Self-proclaimed skeptics like to say there is only medicine: that which works. Everything else, they argue, is non-medicine, and they lump it all under the word “alternative.” But here’s the catch: you seldom hear serious, qualified naturopaths, acupuncturists and other natural and traditional healers use this word to describe what they do. (When they do, it’s typically as a buzzword or heavily armored in irony quotes.) Rather, the main groups who use it tend to be 1) those wanting to sell you something, 2) establishment physicians who support a limited number of traditional healing methods (CAM practitioners) and 3) those who put their faith in industrial medicine.

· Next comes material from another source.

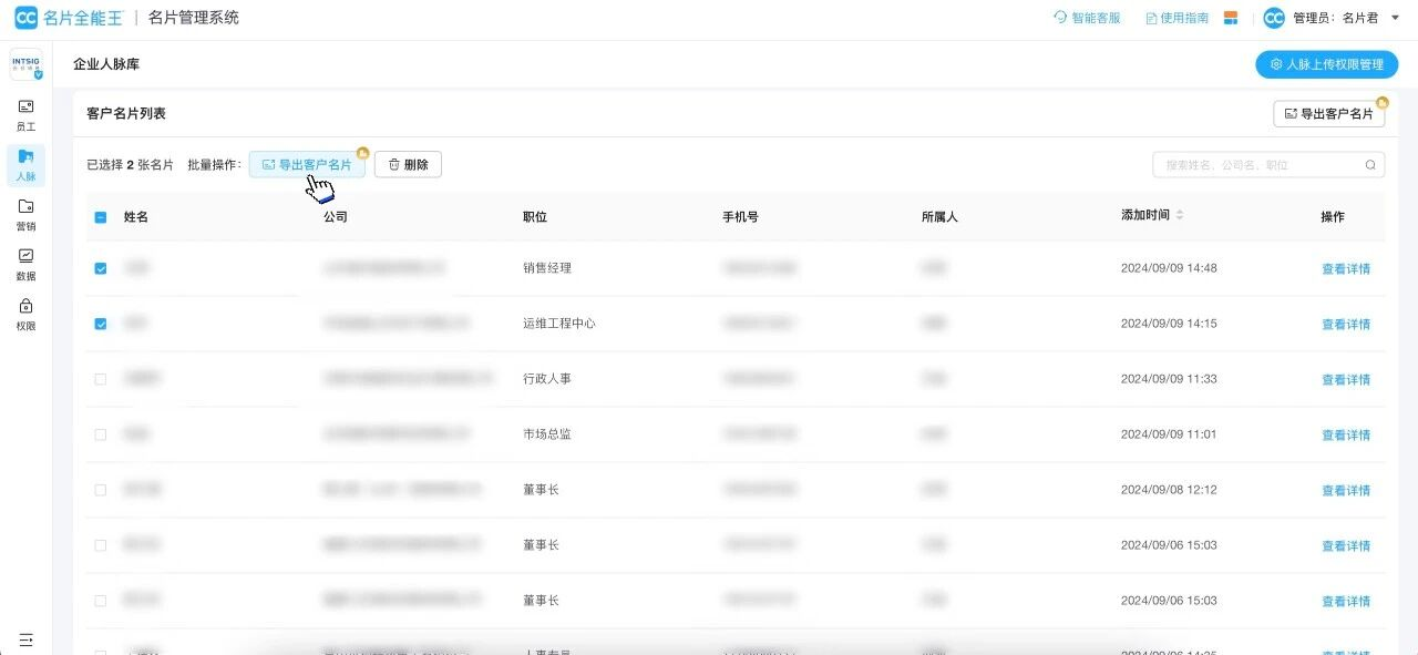 图说:管理员可在企业数字名片管理后台查看、管理人脉库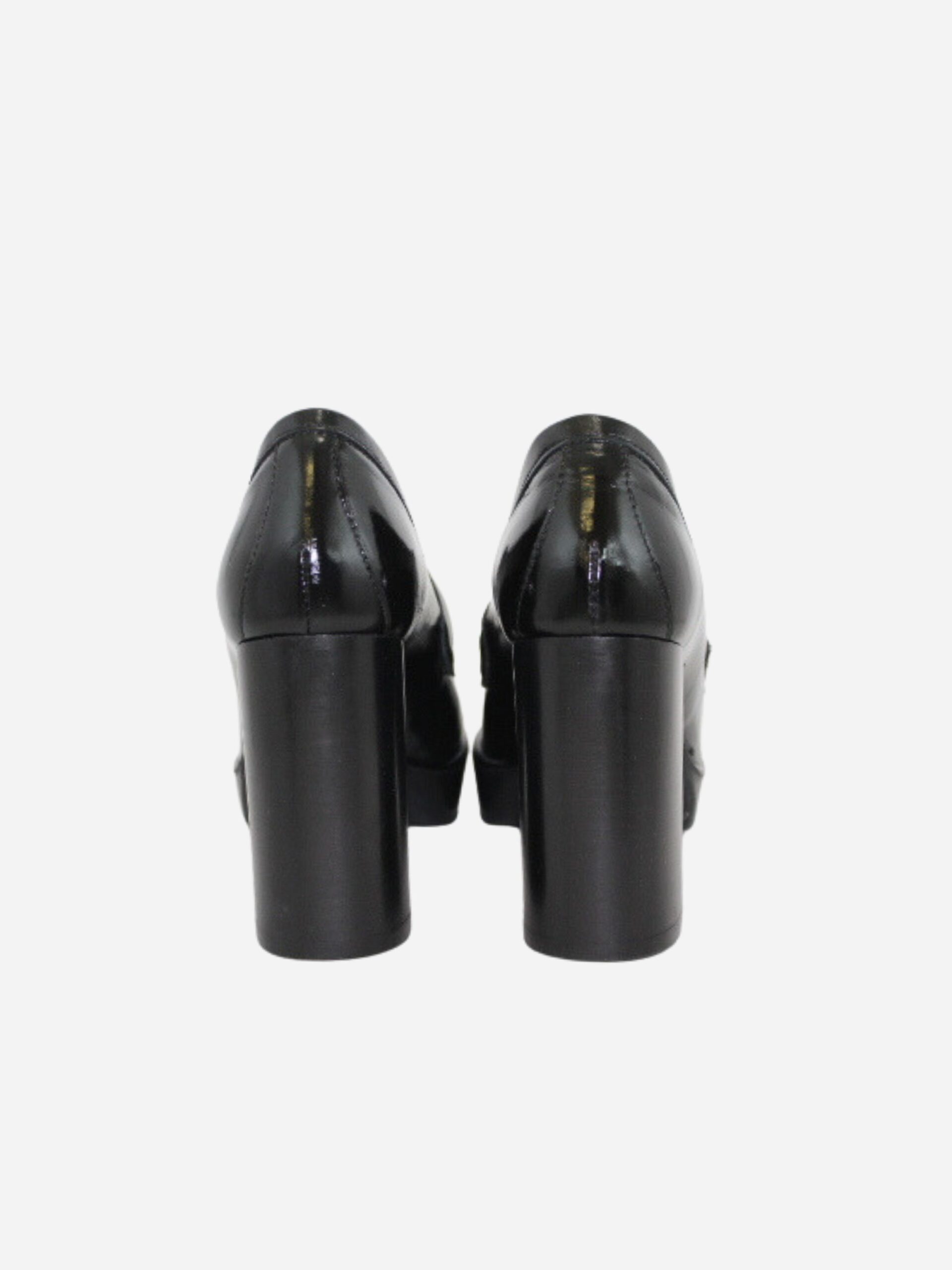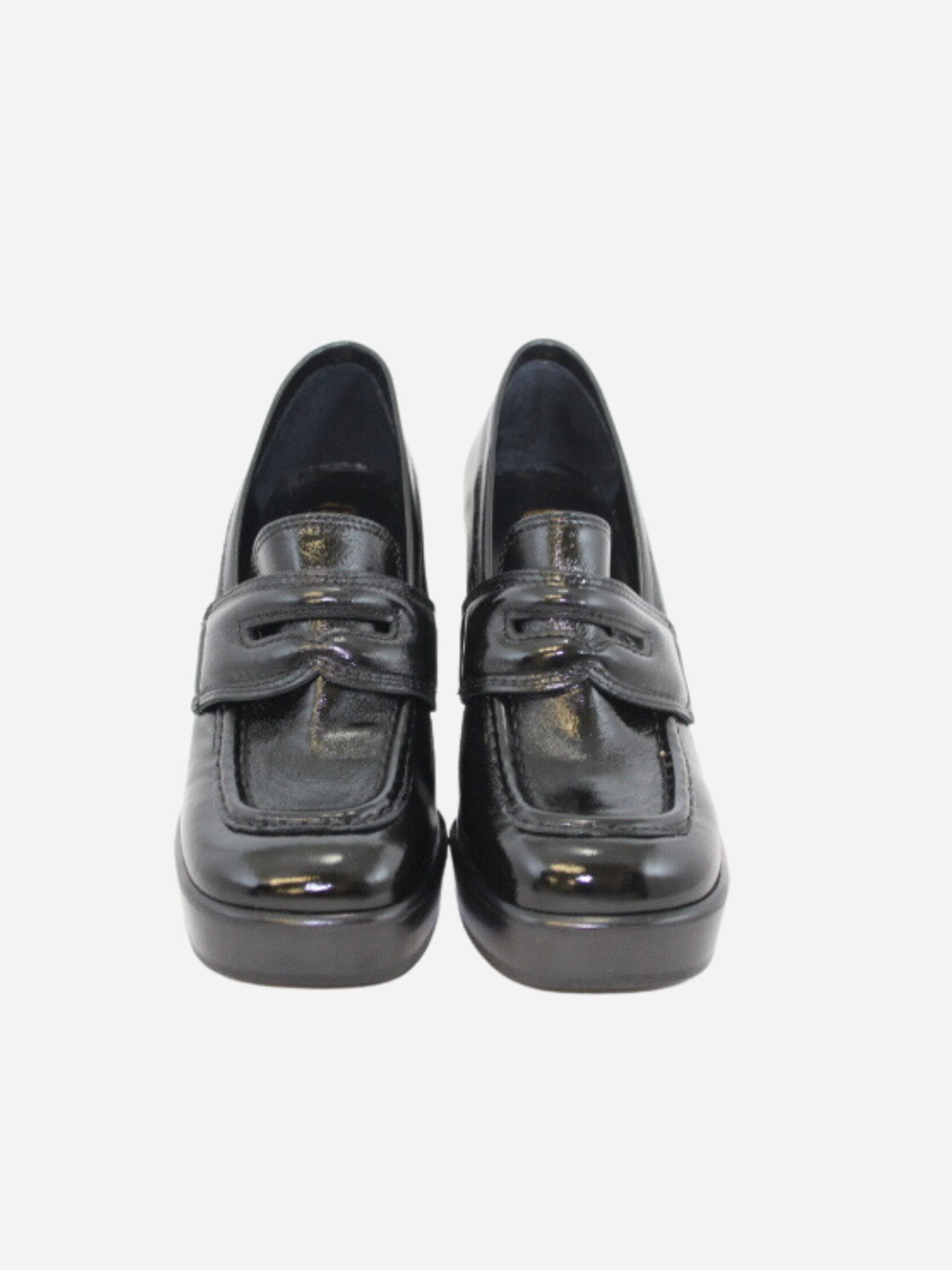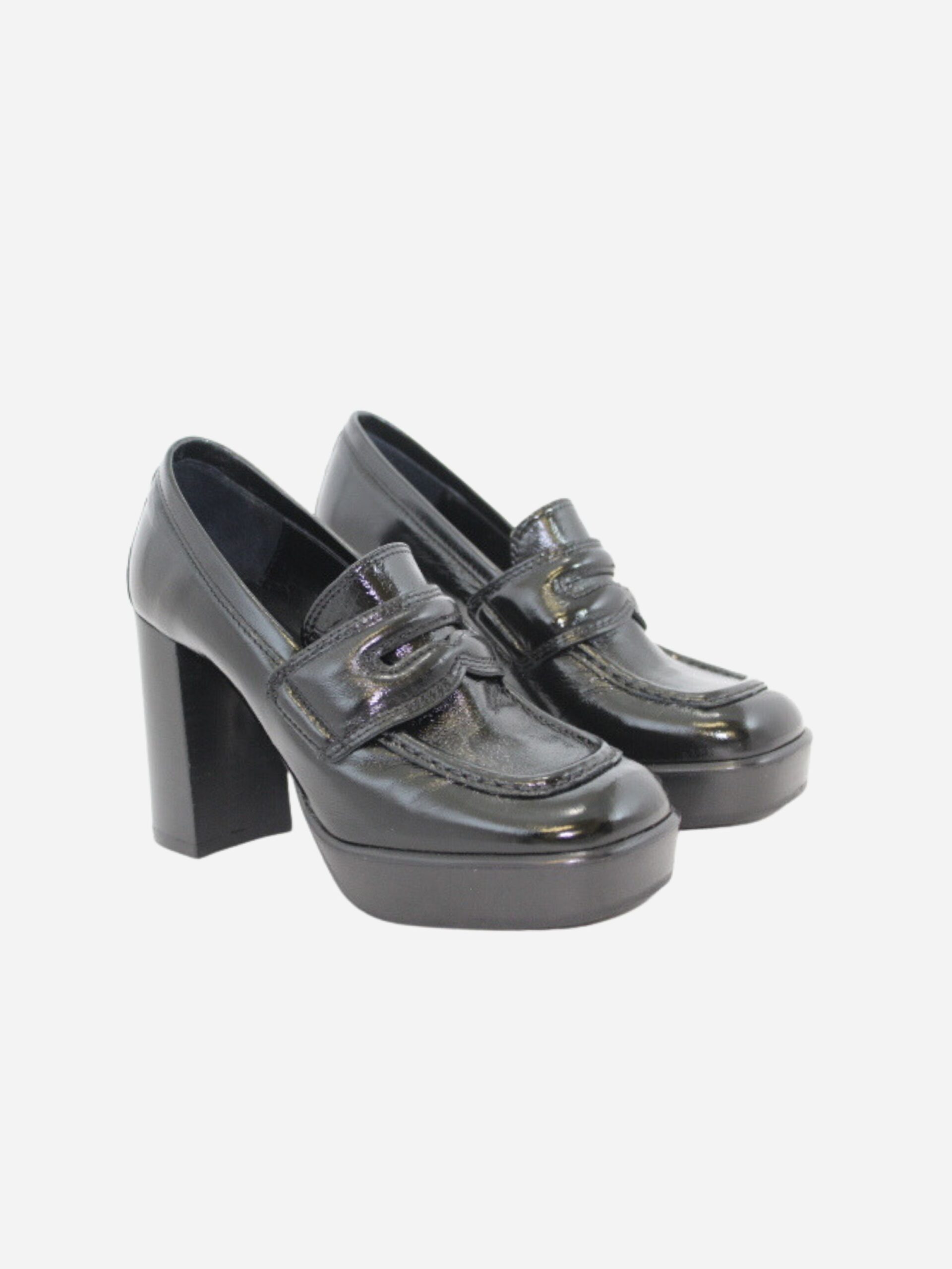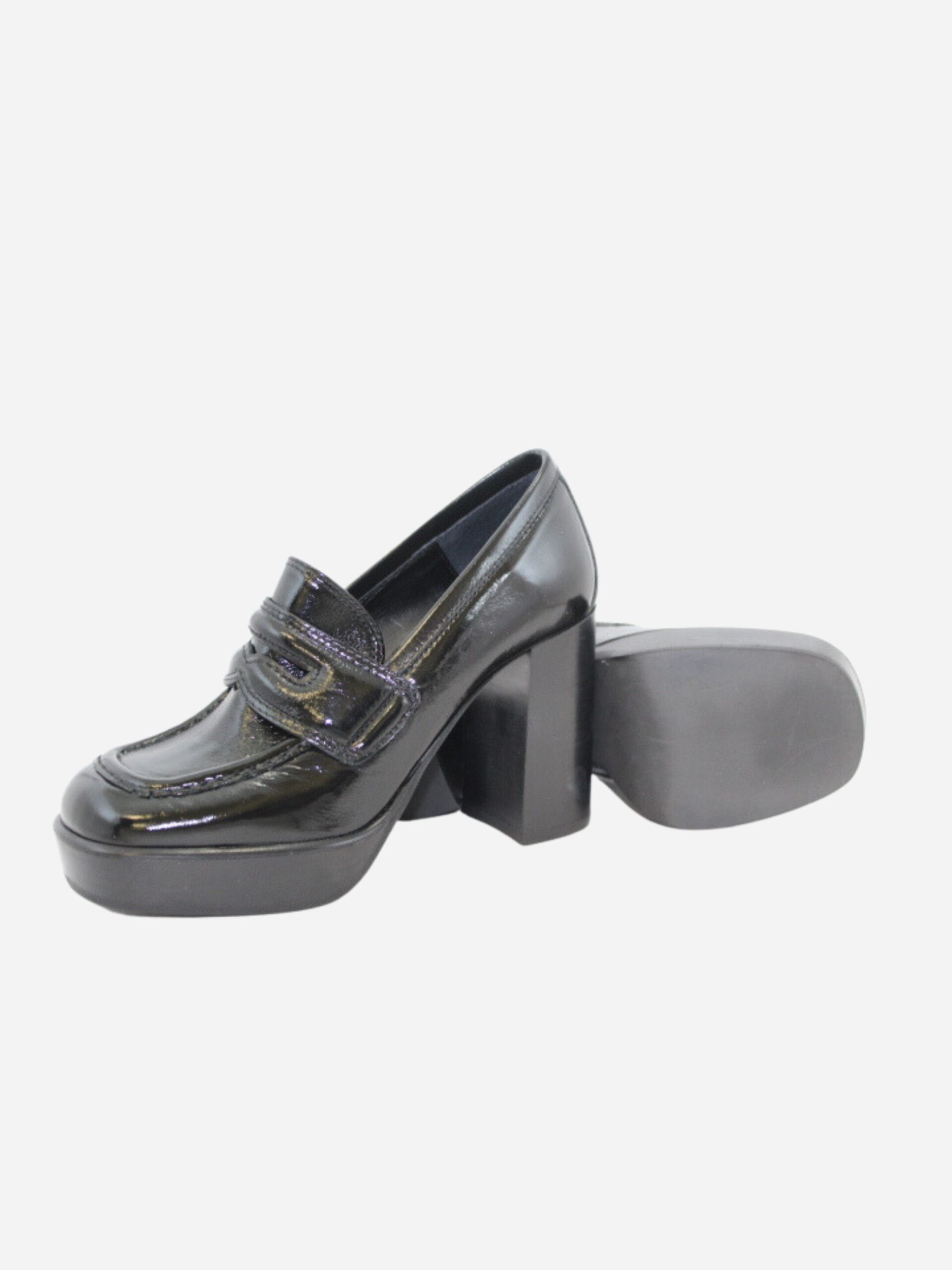 Mocassino con plateau by Ovyé. Scarpe realizzate in pelle naplak nella colorazione nera con fondo in materiale sintetico pregiato. Classica linguetta del mocassino. Plateau di 2 cm che rende la scarpa più comoda. Tacco largo di 10 cm.

We use the word “faith” deliberately here, for despite the claims of the medical establishment, their treatments are far less scientifically supported than many admit – or perhaps even know. According to Kenneth R. Pelletier, Clinical Professor of Medicine at Arizona State University and the University of California, San Francisco,

To provide a baseline against which to measure complementary and alternative medicine (CAM), it is important to point out that as much as 20–50% of conventional care, and virtually all surgery, has not been evaluated by RCTs [randomized clinical trials]. According to Richard Smith, editor of the British Medical Journal, “Only about 15% of medical interventions are supported by solid scientific evidence… This is partly because only 1% of the articles in medical journals are scientifically sound and partly because many treatments have never been assessed at all.”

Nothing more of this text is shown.